Back to Glossary

Glossary Term

Encryption at Rest

Protecting stored data by encrypting it on disk to reduce impact of physical or logical theft.

1 min read

Share this definition

Post it to your feed or send it to teammates.

What it is

Encryption at rest refers to cryptographic safeguards that protect data when it is stored on disk, in backups, or in cloud object storage rather than traversing networks. It applies to laptops, databases, file servers, SaaS platforms, and removable media. The goal is to ensure that if storage media is lost, stolen, or accessed without authorization, the data remains unintelligible without the corresponding decryption keys. Solutions include full-disk encryption, database transparent data encryption, application-layer encryption, and hardware security modules. Effective implementations segment keys from the data they protect, enforce strong cryptographic algorithms, and automate key rotation. Encryption at rest integrates with identity and access management: even if a user has filesystem access, they still require the right key material to read content. In regulated industries, proving that sensitive records are encrypted at rest is often a baseline compliance expectation and a factor in breach-notification safe harbors.

Why it matters

Device theft, insider threats, and cloud misconfigurations routinely expose stored data.
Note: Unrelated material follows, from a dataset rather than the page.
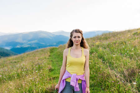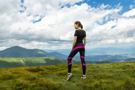 Sporty, happy girl on the top of the mountain. Tourism. Travels.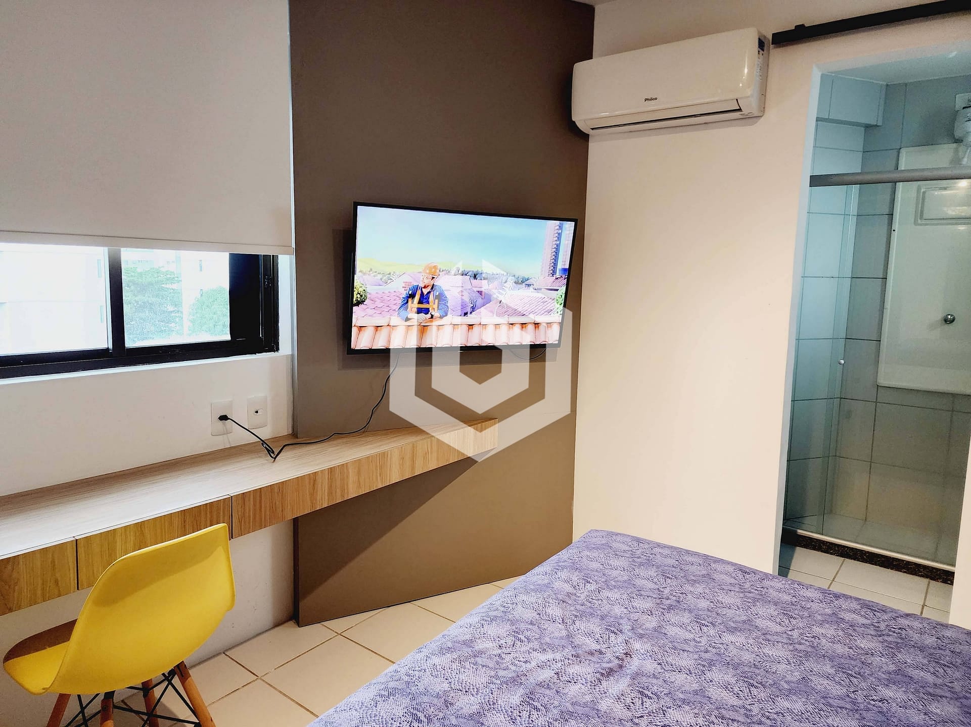 Mobiliado, com: 01 quarto suíte com ar condicionado e armários planejado, TV, Home Office;

Encryption at rest limits liability by ensuring attackers cannot immediately exploit the information, buying time for incident response and reducing regulatory penalties.

How to reduce risk

  • Enable built-in encryption features for databases, virtual machines, and storage services offered by cloud providers.
  • Centralize key management with strict role separation, hardware-backed storage, and automated rotation policies.
  • Apply encryption consistently across backups, logs, and exported datasets that may leave primary production systems.
  • Validate encryption coverage through regular audits, penetration tests, and recovery drills that confirm decryptability and resilience.